On Thursday, Ripple Labs and the US Securities and Exchange Commission (SEC) encountered a significant hurdle in their ongoing legal battle, as Judge Analisa Torres denied their joint request for an indicative ruling.
This ruling comes despite both parties expressing a desire to resolve the case amicably, suggesting that the legal dispute will continue for the time being.
Ripple Remains Under Scrutiny
Market expert Pumpius highlighted the implications of this ruling in a detailed social media post, emphasizing the message sent by Judge Torres.
The joint motion sought to dissolve a permanent injunction against Ripple and reduce the company’s $125 million penalty by 60%. However, Judge Torres firmly rejected both requests, signaling that there would be no shortcuts or behind-the-scenes arrangements in this case.
Pumpius questioned the sudden alignment of interests between Ripple and the Securities and Exchange Commission, prompting speculation about the motivations behind their cooperation.
The expert decoded the situation, noting that Ripple had previously admitted fault through a settlement, and the SEC was eager to maintain the terms of that deal.
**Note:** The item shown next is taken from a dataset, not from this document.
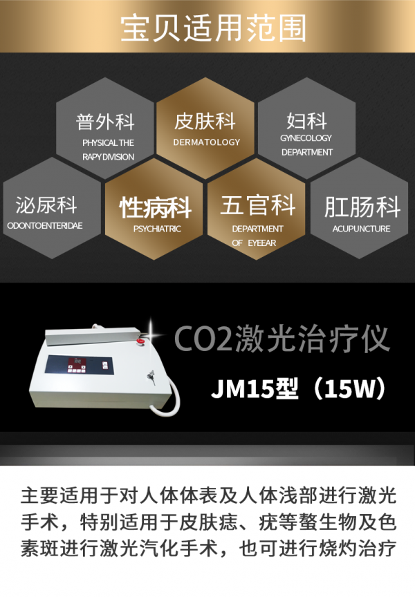 嘉光 二氧化碳激光治疗仪 JM15 15W 主要适用范围:

Both parties aimed to eliminate the injunction and penalty to allow Ripple a cleaner exit from the legal entanglement. However, Judge Torres’s denial of this request ensures that Ripple remains under scrutiny, with the $125 million fine and injunction still in effect.
Court Denial As Tactical Delay?
This ruling does not undermine Ripple’s earlier victory in 2023, where XRP was declared not a security in secondary sales. Yet, the denial keeps the existing penalties in place, raising concerns among Ripple’s supporters and potentially impacting XRP’s market performance.
The ruling is perceived as a power play, suggesting that the blockchain payment company seeks to finalize its operations before a pivotal shift in the cryptocurrency landscape.
Speculation arises regarding the SEC’s motivations for aligning with Ripple in their request to end the case. The expert theorizes that both parties are strategizing for a significant liquidity migration in the crypto market, with the SEC possibly signaling which platforms will dominate in the future.
While this setback may seem discouraging, it is viewed by Pumpius as a tactical move. The delay in resolving the legal issues surrounding the crypto firm could suppress XRP’s price temporarily, potentially spooking retail investors while allowing institutional players to accumulate more assets quietly.
In essence, Judge Torres’s ruling emphasizes transparency in the legal process, insisting that any future motions must occur in full view of the court and the public.
Ripple retains its critical victory regarding XRP’s status as a non-security for retail use, but the ongoing penalties and the appeals process will likely unfold at a slower, more visible pace.
When writing, XRP trades at $2.14, down over 4% in the 24-hour time frame following Judge Torres’ ruling.